China on Saturday vetoed a US proposal aimed at reducing the vulnerability of commercial aircraft to heat-seeking surface-to-air missiles, an official said.
The proposal asking members of the Asia Pacific Economic Cooperation group to assess the vulnerability of their airports to Man-Portable Air Defence Systems (MANPADS), was tabled at a meeting of APEC officials here.
"China objected to it so there was no consensus. It's a political and touchy issue," said an Asian foreign ministry official who attended the session, asking to remain anonymous.
The official declined to explain why China vetoed the proposal, saying only it was a very sensitive issue.
APEC, a loose grouping of 21 countries and territories bordering the Pacific Ocean, arrives at decisions by consensus and any disagreement from one member can veto an initiative.
The senior officials began meeting in this southern South Korean city on Saturday to discuss issues to be presented to their leaders who will gather for a November 18-19 summit.
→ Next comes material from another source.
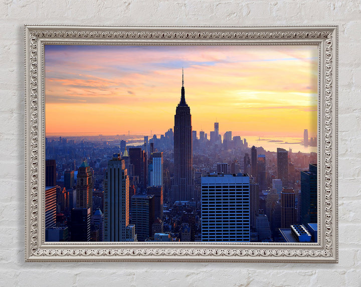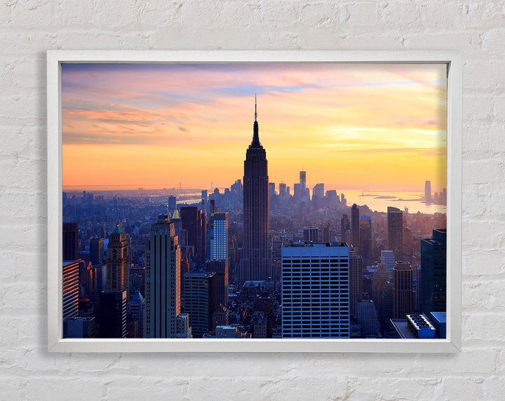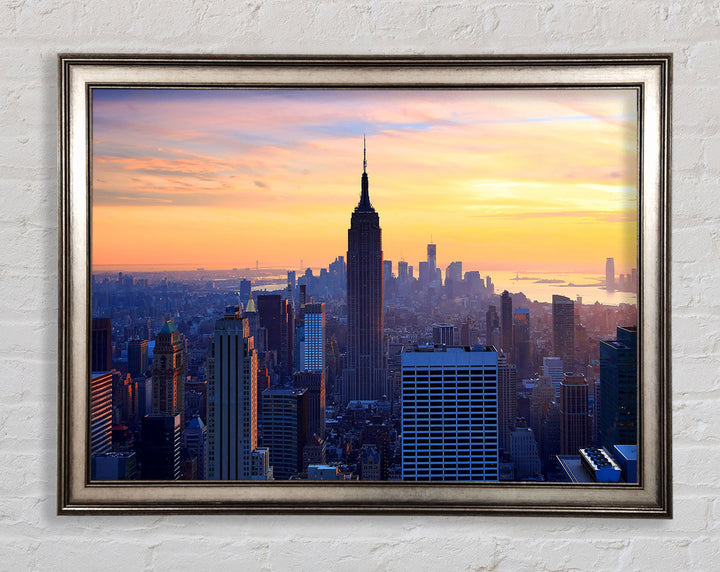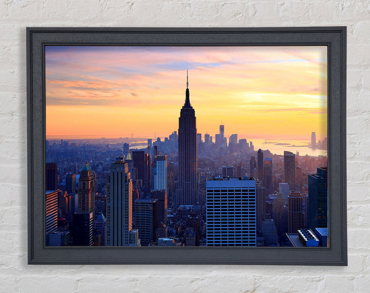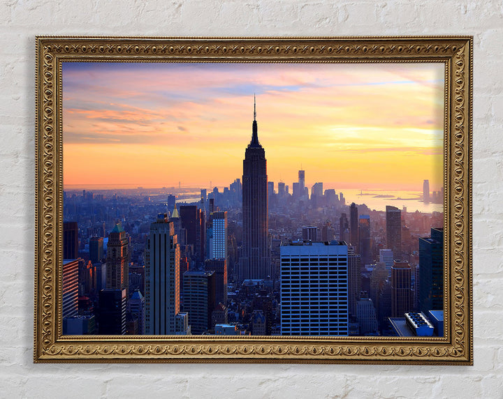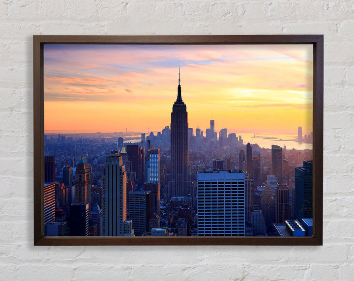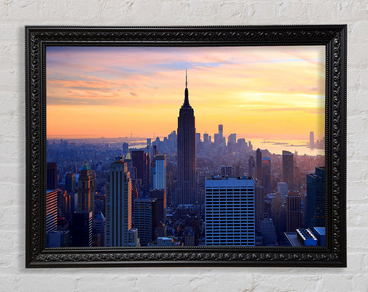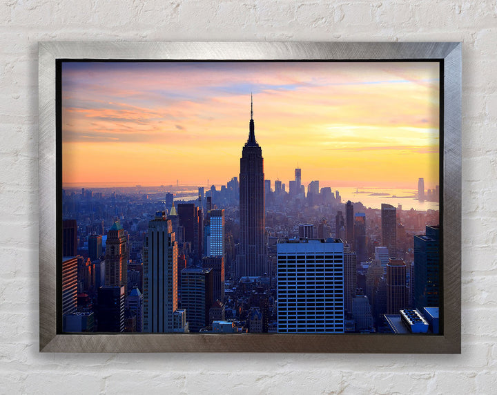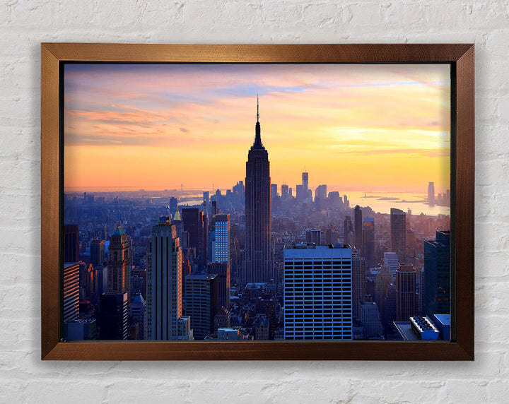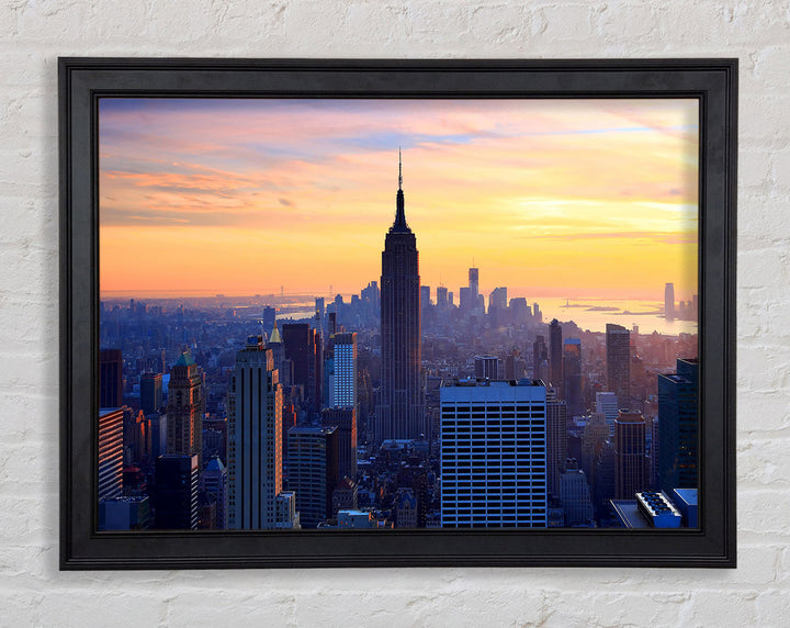 Gerahmter Druck „Sonnenuntergang über dem Empire State Building“, erhältlich in mehreren Rahmenfarben. Fertig zum Aufhängen aus der Schachtel und handgefertigt im Vereinigten Königreich.

At Saturday's session, the APEC Counter-Terrorism Task Force presented the US proposal which asked members to carry out an assessment of at least one major airport within their country or territory to determine if planes using it are vulnerable to MANPADS.
The assessment was supposed to be completed by the end of 2006 using standards developed by the International Civil Aviation Organisation (ICAO).
MANPADS are surface-to-air missile systems especially designed to be carried and fired by an individual.
Because of their size, MANPADS are easily hidden and moved but can be devastating. There are fears they could be used against commercial planes, which are vulnerable shortly after takeoff and before landing.
In November 2002, suspected terrorists fired two SA-7 surface-to-air weapons at a Boeing 757 airliner chartered to evacuate Israeli civilians out of Mombasa, Kenya. The weapons narrowly missed the plane.
The missiles use heat-seeking sensors that home in on the targets' infrared signature, such as the engine.